Why choose this book? by Read Montague

Computational Theory of the Mind + Reinforcement Learning. As seems normal for recent psychology-related books, the notes prove better reading than the main text.

Principle 1: Compute as slow and as softly as possible.
Principle 2: Be as imprecise as possible and compress everything
Principle 3: Stay off the lines, don't repeat yourself, and be as noisy as possible.
Principle 4: Expect goals, desires (error signals), and values.
Chapter 2, The brain is almost perfect
The nervouse system's parts and their interactions learn (adjust), guided by the new goal. As the internal neural structures adjust to achieve the goal, cognition literally changes, and often in hard-to-reverse ways. A familiar example is drug addiction.
Anyone who has ever dealt closely with a drug addict knows that she no longer views the world the same way. One reason is that drugs of abuse derail exactly the guidance signals that wwe have been considering. Under the perturbed guidance of drugs, an addict's nervous system readjusts complext goal-seeking mechanisms and chages her mental world; it's very much like a pathological software update...
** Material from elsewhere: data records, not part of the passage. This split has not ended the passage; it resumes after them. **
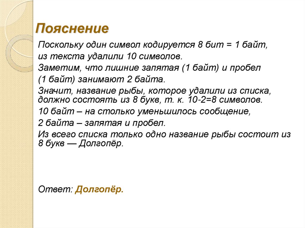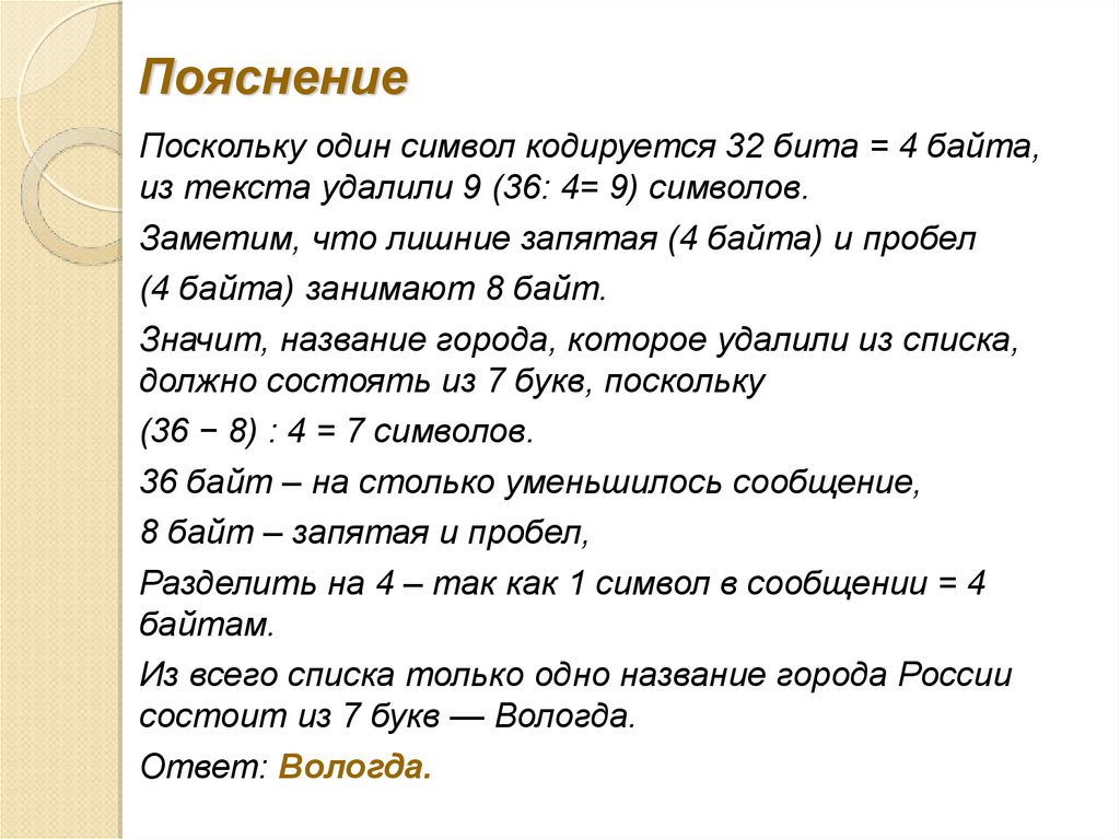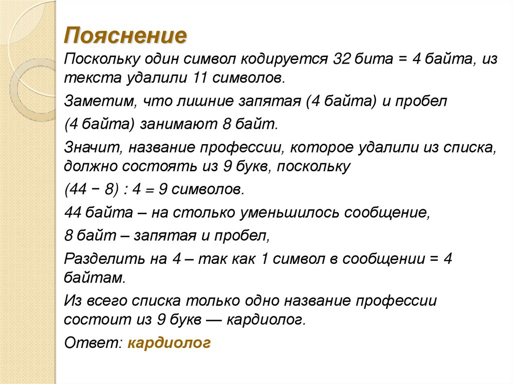 ПояснениеПоскольку один символ кодируется 8 бит = 1 байт,
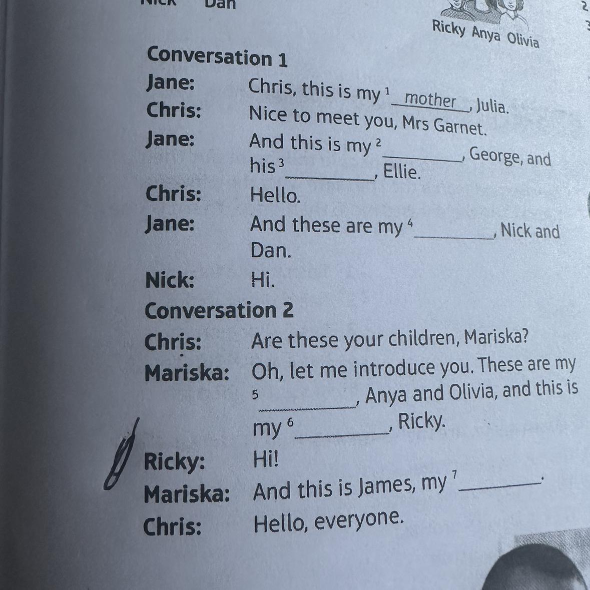 в задании должны быть слова которые нужно вставить, либо уже готовый текст по которому будет говорится кто кому кто. Откуда я должна знать кому приходится Джорджу Элли.
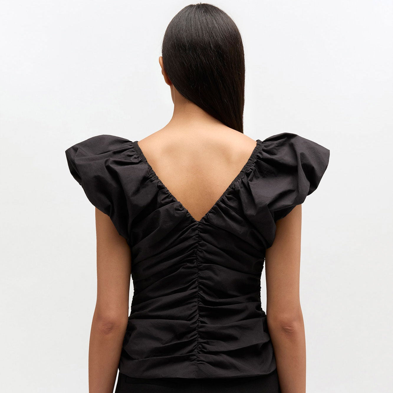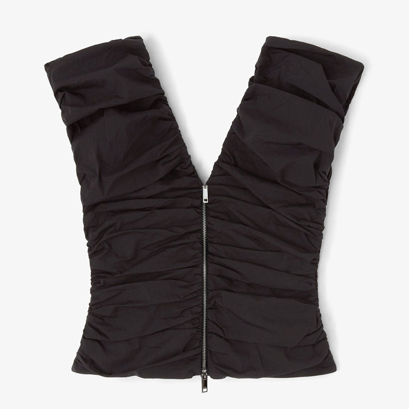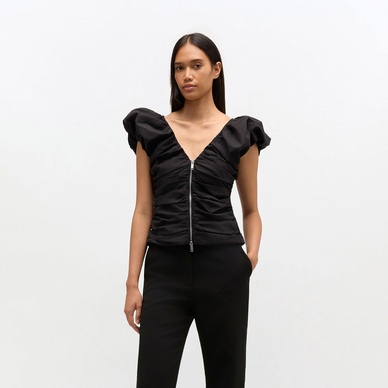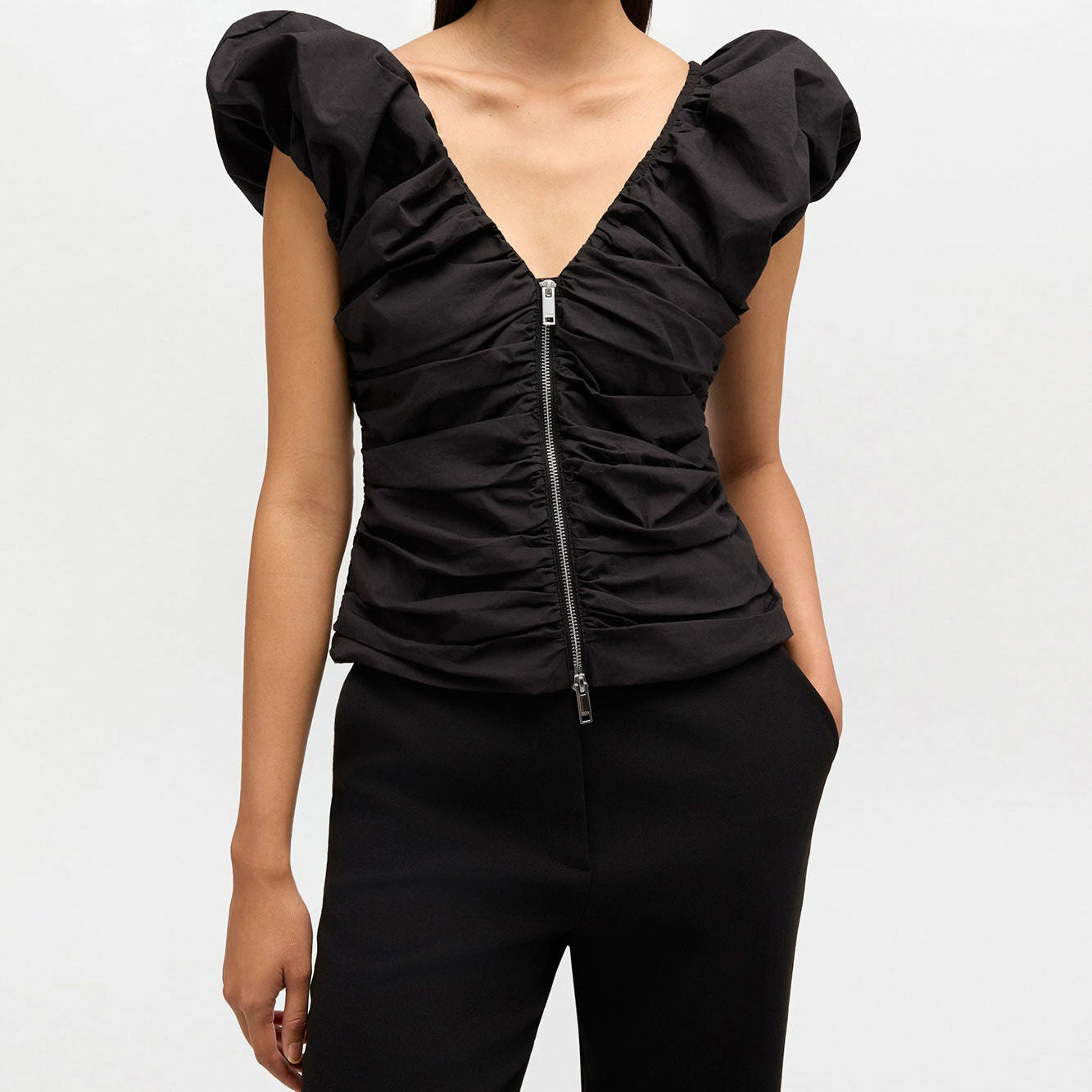 This ruched sleeveless top by GANNI features a flattering v-neckline, two-way zip closure, and ruching along the bodice.
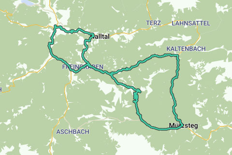 Mountainbiketour von Mariazell über die Dürriegelalm nach Mürzsteg, und über Frein durch den Freingraben und die Mooshuben wieder retour nach Mariazell. Wer noch mehr Höhenmeter bewältigen will, kann einen Abstecher auf die Königsalm machen.
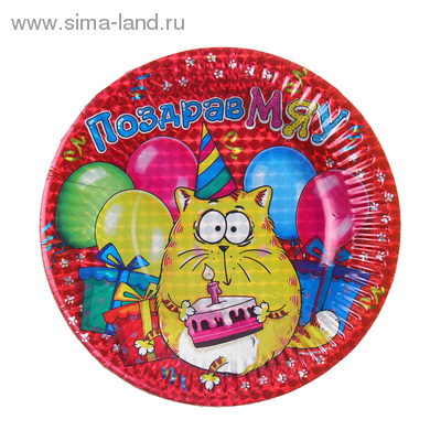876700 Набор голографических тарелок " ПоздравМЯУ" . Диаметр 18 см. (6 шт.)

Once a goal is selected by your nervous system, a kind of natural information cycle is set up to guide behavioral choices. There are four basic steps in this cycle. The nervouse system must (1) hold the current goal in mind, (2) produce a critic signal for this goal, (3) use the critic signal to guide chioces and improve the brain's model of the goal, and (4) select the next goal (or keep the current one active).
Chapter 4, Sharks don't go on hunger strikes
The sad story of Heaven's Gate cult shows that ideas, however strange, can act with the potency of primary reinforcers -- actually something even more important than any natural reinforcers. Dopamine systems located in your midbrain, in collabroation with your prefrontal cortex, striatum, and other areas, participate in the computation and storage of values attached to ideas. The central concept was that an idea, formed in your prefrontal cortex, comes to play the role of a special control signal, a reward-dependent guidance signal.